TASK GOAL
Copy the lines below word for word, skipping any image.
RECORDS FOR PROCESSING Start Marker
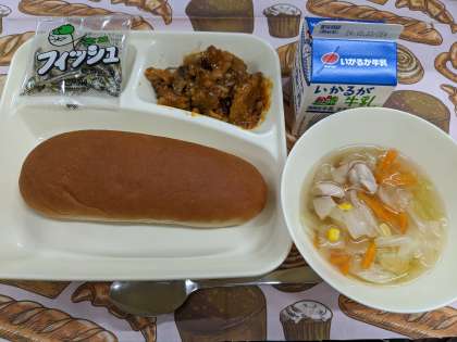 10月17日(木)の給食は「なすのミートグラタン、鶏肉とキャベツのスープ、ミニフィッシュ、黒糖パン、牛乳」です。
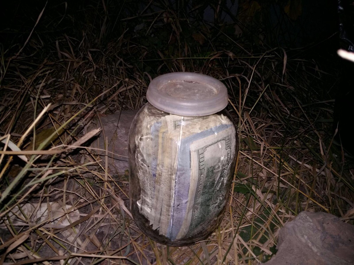 Как сообщил руководитель ведомства Назар Холодницкий, на месте изъяли стеклянную банку с деньгами.
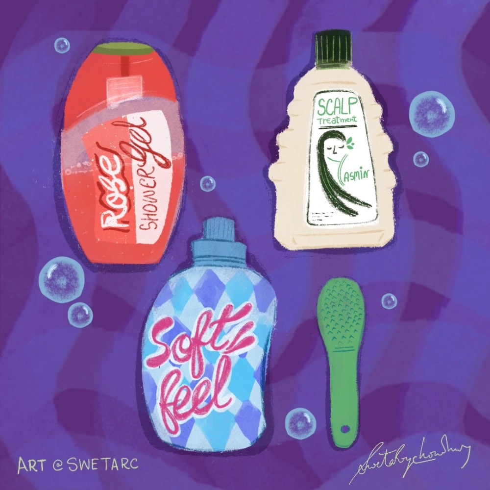 Ever wondered what your bathroom essentials do when no one’s watching? In this illustration, everyday items like shampoo bottles, soap, and a foot file come to life with quirky expressions and playful personalities, turning a simple bathroom into a lively little world full of character and charm.
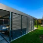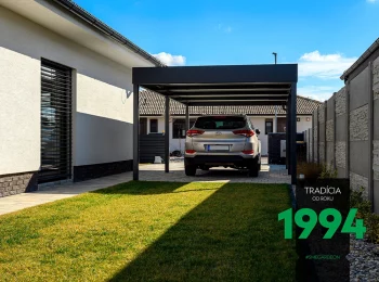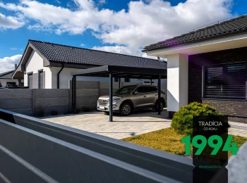 Die Basis der GARDEON Carports bildet eine widerstandsfähige Stützkonstruktion aus Stahl, an der das Pultdach mit einem niedrigen Gefälle angebracht wird. Die Tragekonstruktion des Carports für ein Auto bilden 6 bis 8 Stützen mit den Maßen 10×10 cm (an jeder Seite des Carports befinden sich 3 oder 4 Stützen, abhängig von der Größe des Carports). Die Dachkonstruktion bilden Stahlträger, auf denen die Dachdeckung angebracht ist. Die Ränder des Daches sind unter der Attika verborgen.
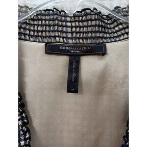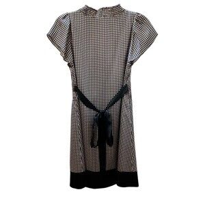 BCBG Maxazria Dress Small Petite Silk Black Beige Checked V-Neck Smocked Waist
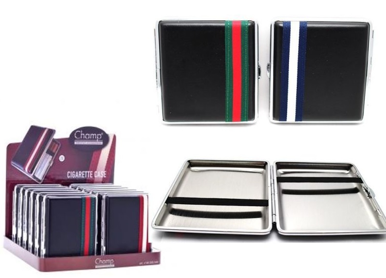 Il portasigarette Pelle Stripes è l’accessorio ideale per chi desidera proteggere le sigarette con stile e sobrietà. Caratterizzato da una struttura in metallo con rivestimento esterno effetto pelle, si distingue per la decorazione con strisce colorate centrali, disponibili in due varianti: rosso-verde e blu-bianco. Il design compatto ed elegante lo rende adatto a ogni situazione, dal quotidiano al formale, con una resa estetica pulita e moderna. L’interno, interamente in acciaio satinato, è dotato di doppia fascia elastica per mantenere le sigarette ben ordinate e protette.• Rivestimento in ecopelle con dettagli a strisce: Il motivo a righe verticali centrali conferisce un tocco sportivo ed elegante al tempo stesso, rendendo l’accessorio visivamente distintivo.• Struttura in metallo robusto: La scocca rigida assicura una protezione efficace contro urti, schiacciamenti e deformazioni, prolungando la durata del contenuto.• Interno con fascia elastica: Le sigarette restano ben ferme all’interno del contenitore, evitando movimenti indesiderati durante il trasporto.• Chiusura a scatto funzionale: Il sistema di apertura e chiusura è rapido e sicuro, garantendo una tenuta affidabile anche in borse o tasche.Pensato per un pubblico attento ai dettagli, il portasigarette Pelle Stripes unisce funzionalità e carattere in un accessorio compatto e raffinato. Una soluzione concreta per chi cerca protezione, ordine e un tocco di personalità nella vita di tutti i giorni.
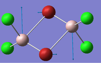 | 14 | The both aluminium atoms move together towards one of the bridging atoms, causing a contraction in bond length between the Al-Br bonds of one of the bridging atoms and stretching to the other. There is minimal movement from the terminal atoms |
RECORDS FOR PROCESSING End Marker
RESPONSE FOR THIS EXERCISE
 10月17日(木)の給食は「なすのミートグラタン、鶏肉とキャベツのスープ、ミニフィッシュ、黒糖パン、牛乳」です。
 Как сообщил руководитель ведомства Назар Холодницкий, на месте изъяли стеклянную банку с деньгами.
 Ever wondered what your bathroom essentials do when no one’s watching? In this illustration, everyday items like shampoo bottles, soap, and a foot file come to life with quirky expressions and playful personalities, turning a simple bathroom into a lively little world full of character and charm.
 Die Basis der GARDEON Carports bildet eine widerstandsfähige Stützkonstruktion aus Stahl, an der das Pultdach mit einem niedrigen Gefälle angebracht wird. Die Tragekonstruktion des Carports für ein Auto bilden 6 bis 8 Stützen mit den Maßen 10×10 cm (an jeder Seite des Carports befinden sich 3 oder 4 Stützen, abhängig von der Größe des Carports). Die Dachkonstruktion bilden Stahlträger, auf denen die Dachdeckung angebracht ist. Die Ränder des Daches sind unter der Attika verborgen.
 BCBG Maxazria Dress Small Petite Silk Black Beige Checked V-Neck Smocked Waist
 Il portasigarette Pelle Stripes è l’accessorio ideale per chi desidera proteggere le sigarette con stile e sobrietà. Caratterizzato da una struttura in metallo con rivestimento esterno effetto pelle, si distingue per la decorazione con strisce colorate centrali, disponibili in due varianti: rosso-verde e blu-bianco. Il design compatto ed elegante lo rende adatto a ogni situazione, dal quotidiano al formale, con una resa estetica pulita e moderna. L’interno, interamente in acciaio satinato, è dotato di doppia fascia elastica per mantenere le sigarette ben ordinate e protette.• Rivestimento in ecopelle con dettagli a strisce: Il motivo a righe verticali centrali conferisce un tocco sportivo ed elegante al tempo stesso, rendendo l’accessorio visivamente distintivo.• Struttura in metallo robusto: La scocca rigida assicura una protezione efficace contro urti, schiacciamenti e deformazioni, prolungando la durata del contenuto.• Interno con fascia elastica: Le sigarette restano ben ferme all’interno del contenitore, evitando movimenti indesiderati durante il trasporto.• Chiusura a scatto funzionale: Il sistema di apertura e chiusura è rapido e sicuro, garantendo una tenuta affidabile anche in borse o tasche.Pensato per un pubblico attento ai dettagli, il portasigarette Pelle Stripes unisce funzionalità e carattere in un accessorio compatto e raffinato. Una soluzione concreta per chi cerca protezione, ordine e un tocco di personalità nella vita di tutti i giorni.
 | 14 | The both aluminium atoms move together towards one of the bridging atoms, causing a contraction in bond length between the Al-Br bonds of one of the bridging atoms and stretching to the other. There is minimal movement from the terminal atoms |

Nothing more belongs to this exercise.